Lewis Hamilton won in China © LAT
People say this new form of racing is artificial. But there are so many things we don't see from the outside. If a team has an extra engine mode available that rivals with other engines don't have, is that not artificial? If a driver doesn't have to save fuel while others do, is that not artificial? When was racing in its purest form? Probably when the drivers were running across the track to their cars at the start of the Le Mans 24 Hours. But as soon as they switched on the engines, it wasn't about man against man anymore. It became man and machine, team against team, technology against technology. Because of that, you're never going to see 20 cars all racing each other wheel-to-wheel to the finish line all the time.
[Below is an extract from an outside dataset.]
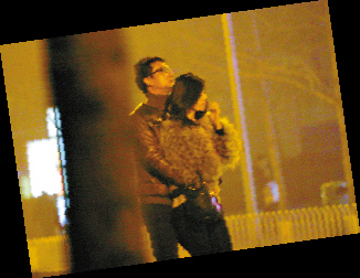 本月24日晚,北京,音樂才子李泉和友人在保利大廈后的餐廳共享大餐后,和一名身穿裘毛大衣的神秘女子一起離開,站在路邊等待出租車時,李泉表現(xiàn)得憐香惜玉,毫不避諱地將這名女子攬在懷中,極為親密曖昧,兩人關(guān)系可見非同一般。當這名女子轉(zhuǎn)向鏡頭時,記者認出是MTV全球音樂電視臺主持人朱珠。兩人卿卿我我,沉醉在甜蜜氛圍中,完全忘卻了北京的寒風。之后,兩人乘坐出租車離去,上車后,終于激情難耐,相擁熱吻。

As difficult as it was to follow at times, I thought the Chinese Grand Prix was good. I said thank you to Pirelli on TV immediately after the race, because they have had a bit of a hard time over the winter but they stuck to their guns. The outcome of that is that we are seeing variable races. And we're seeing people learn from their mistakes and evolve as we go. Lewis Hamilton burned up a set of tyres in Q1 at Malaysia, and he changed his approach for China which worked out for him.
Formula 1 is a technical challenge, and it should be about making all the tools at your disposal work. It shouldn't be just about bolting the car together and going racing - that's what other series are for. This year we're also seeing the drivers' personalities come through - they have to make calls on strategy from within the car when sometimes the team is advising them otherwise.
DC is delighted to see Paul di Resta doing so well © LAT
I think it's good that things are so unpredictable. Where do you place your bet for Turkey this weekend? It should be a good track for McLaren with some long straights, but Red Bull has to be the favourite. McLaren's turnaround has been amazing, and what we need now is Ferrari to catch up. Mercedes is in the mix as well - Nico Rosberg led for a long time in China and at one point it looked like he could have won if he didn't have to conserve so much fuel.
Finally, a word about my countryman and former DTM team-mate Paul di Resta. He has been fantastic so far in Formula 1, his transition has been seamless. He looks like he's been doing this for a long time.
I was hopeful that Paul could do it, but I know what a cruel business Formula 1 can be, so I was nervously optimistic that he would deliver. When I see any young driver getting their chance and doing well I feel relieved for them. I want to see young guys who get there on merit - like Paul has - to have great careers in the sport.